Ces mutations ont fait l’objet d’une publication dans la revue Brain en mai 2023. L’une d’elles touche une partie du génome que l’on croyait inutile, nommée FAAH-OUT, et qui régule en fait l’expression de très nombreux gènes. Ce qui a amené Andrei Okorokov, du University College de Londres, l’un des auteurs de ce travail, à déclarer que FAAH-OUT est « un petit coin d’un vaste continent, que cette étude a commencé à cartographier ».

C’est justement pour explorer ce continent que Luda Diatchenko a mis sur pied une base de données sur la génétique de la douleur.
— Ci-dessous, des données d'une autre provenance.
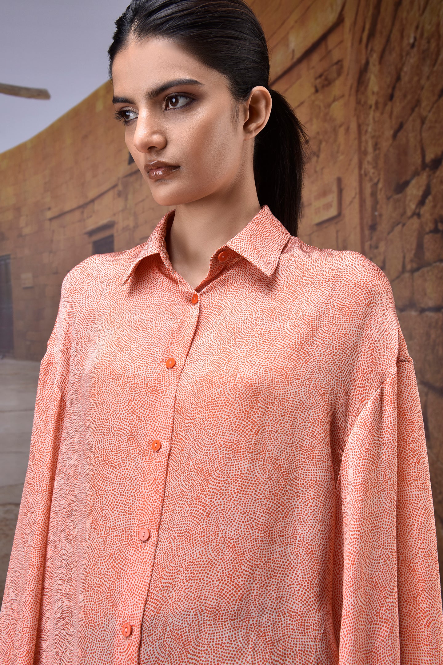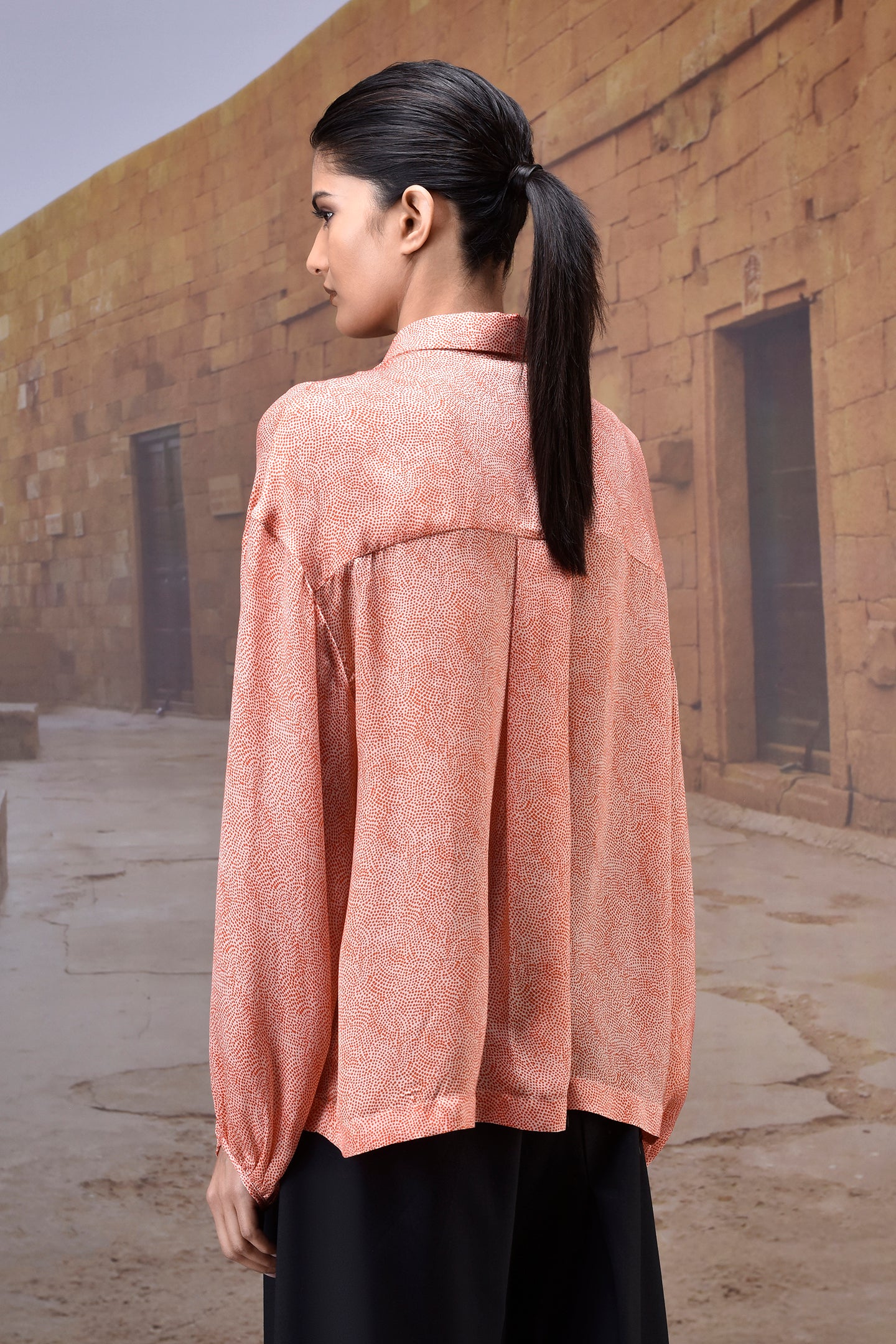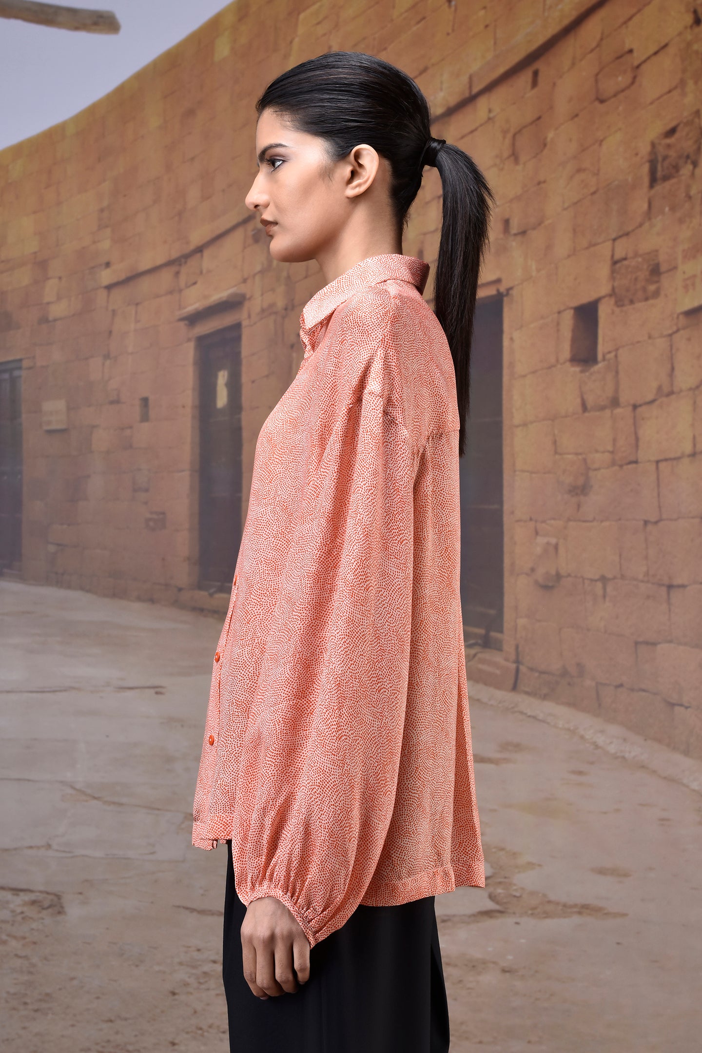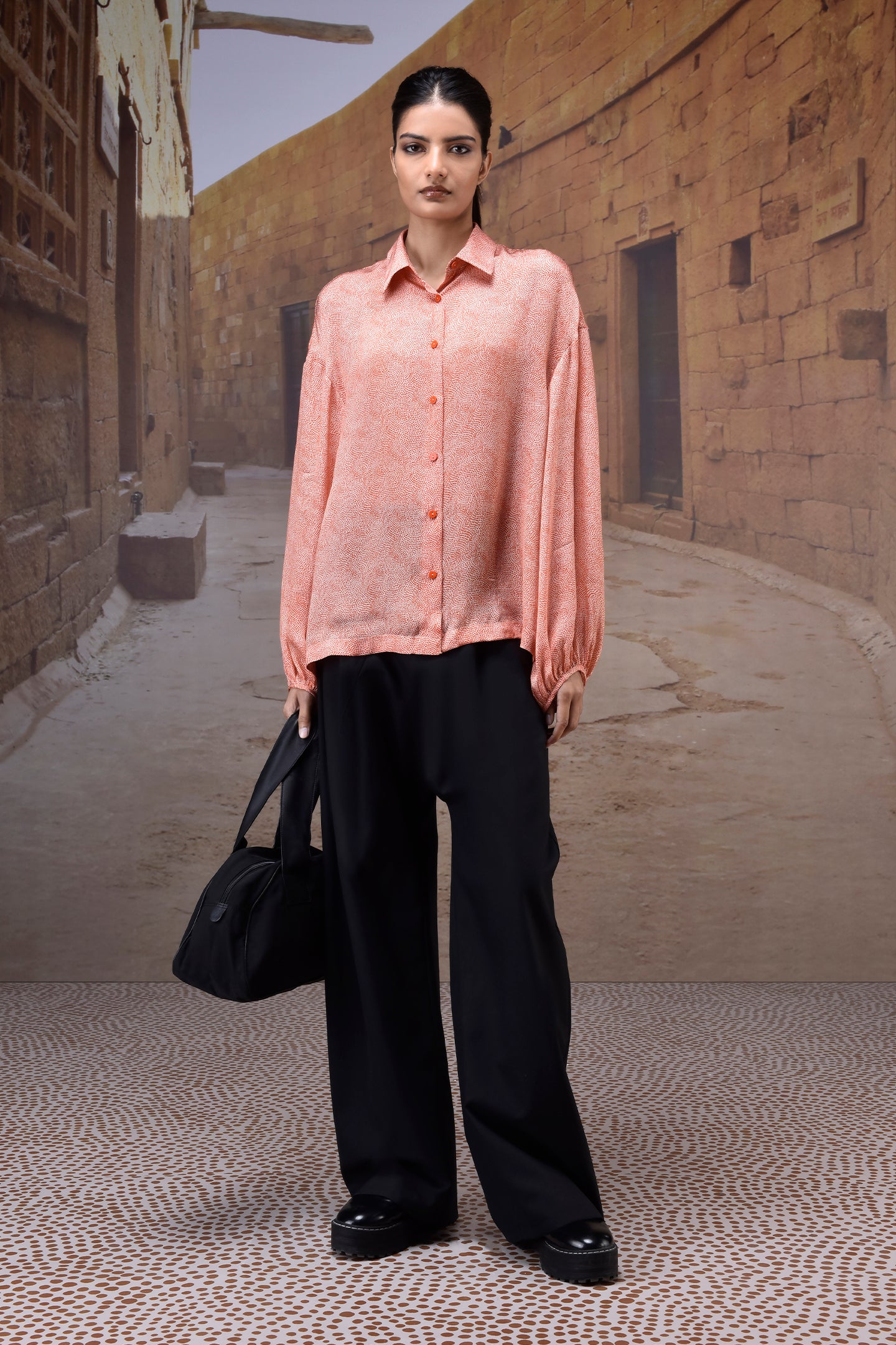 Rendered in soft viscose satin, this printed shirt offers a lustrous drape and relaxed sophistication. The design features a clean spread collar and a visible button placket, balanced by voluminous long sleeves gathered into buttoned cuffs. The fluid fabric enhances the silhouette with subtle movement, while the back yoke with pleat detail ensures ease. A versatile piece that transitions effortlessly from casual daywear to evening polish.

Son but : recenser patiemment tous les gènes associés à la douleur chronique et voir de quelle façon ils interagissent. « On sait que la douleur chronique n’est pas due à UN gène, souligne-t-elle. En fait, plus de 300 gènes, qui dysfonctionnent légèrement, peuvent augmenter les risques. Ils interviennent peut-être à différents endroits sur une même voie biologique. » Une voie qu’elle rêve de trouver et de court-circuiter, et que les personnes insensibles peuvent aider, malgré elles, à défricher.